- Work to complete: Each line from the one containing "L’autista, che è" to the end of the data must be copied exactly, the first and last included; no other lines and no pictures belong in the copy.

- Data extract:
────────────────────────────────────────

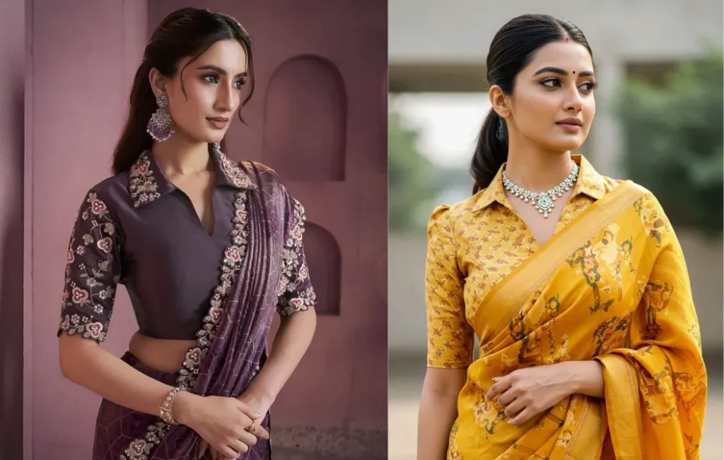 अगर आप वर्किंग वुमन हैं या आपको क्लासी लुक पसंद है तो सिंपल और एलिगेंट कॉलर ब्लाउज आपके लिए परफेक्ट हैं. कॉलर ब्लाउज डिजाइन ओल्ड विंटेज और प्रोफेशनल लुक देता है. फैशन की दुनिया में सबसे हटके दिखने के लिए कॉलर ब्लाउज एक अच्छी चॉइस है. यह पार्टी से लेकर शादी तक, हर मौके पर स्टाइलिश और ग्रेसफुल लगता है. चाहे आप सिल्क साड़ी पहनें या जॉर्जेट, यह ब्लाउज किसी भी तरह की साड़ी को युनीक टच देता है. इस आर्टिकल में आपको कॉलर ब्लाउज के कुछ लेटेस्ट डिजाइन दिखाए गए हैं, जो लुक को और खास बना देंगे.
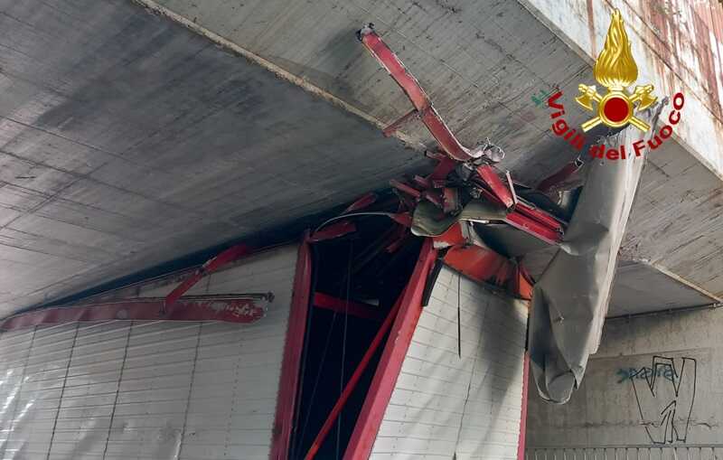 L’autista, che è rimasto illeso, ha calcolato male le misure, rimanendo bloccato con la parte alta del cassone sotto la volta del tunnel.
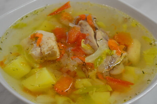 Вкусный, легкий, ароматный супчик. ----- Нам понадобится: ----- Для этого супа можно взять бедрышки, голени или любые части курицы по желанию. Я взяла половину целой курицы, нарезала на небольшие части. Количество ингредиентов указано на четырехлитровую кастрюлю. В кастрюле вскипятить воду, положить курицу, варить сорок минут на небольшом огне. Капусту мелко нарезать, добавить в кастрюлю,варить две минуты. Лук мелко нарезать, добавить в кастрюлю, варить две минуты. Морковь натереть на крупной терке (или мелко нарезать), добавить в кастрюлю, варить две минуты. Картофель нарезать небольшими кубиками, добавить в кастрюлю. Суп посолить и поперчить по вкусу. Варить пять минут. Помидоры нарезать небольшими кубиками, добавить в кастрюлю. Варить пять минут. Супчик выглядит очень красочно и позитивно :) При желании можно посыпать сушеной или свежей зеленью. Убрать с огня. Дать настояться десять минут. Приятного аппетита!

────────────────────────────────────────

- Solution:
 L’autista, che è rimasto illeso, ha calcolato male le misure, rimanendo bloccato con la parte alta del cassone sotto la volta del tunnel.
 Вкусный, легкий, ароматный супчик. ----- Нам понадобится: ----- Для этого супа можно взять бедрышки, голени или любые части курицы по желанию. Я взяла половину целой курицы, нарезала на небольшие части. Количество ингредиентов указано на четырехлитровую кастрюлю. В кастрюле вскипятить воду, положить курицу, варить сорок минут на небольшом огне. Капусту мелко нарезать, добавить в кастрюлю,варить две минуты. Лук мелко нарезать, добавить в кастрюлю, варить две минуты. Морковь натереть на крупной терке (или мелко нарезать), добавить в кастрюлю, варить две минуты. Картофель нарезать небольшими кубиками, добавить в кастрюлю. Суп посолить и поперчить по вкусу. Варить пять минут. Помидоры нарезать небольшими кубиками, добавить в кастрюлю. Варить пять минут. Супчик выглядит очень красочно и позитивно :) При желании можно посыпать сушеной или свежей зеленью. Убрать с огня. Дать настояться десять минут. Приятного аппетита!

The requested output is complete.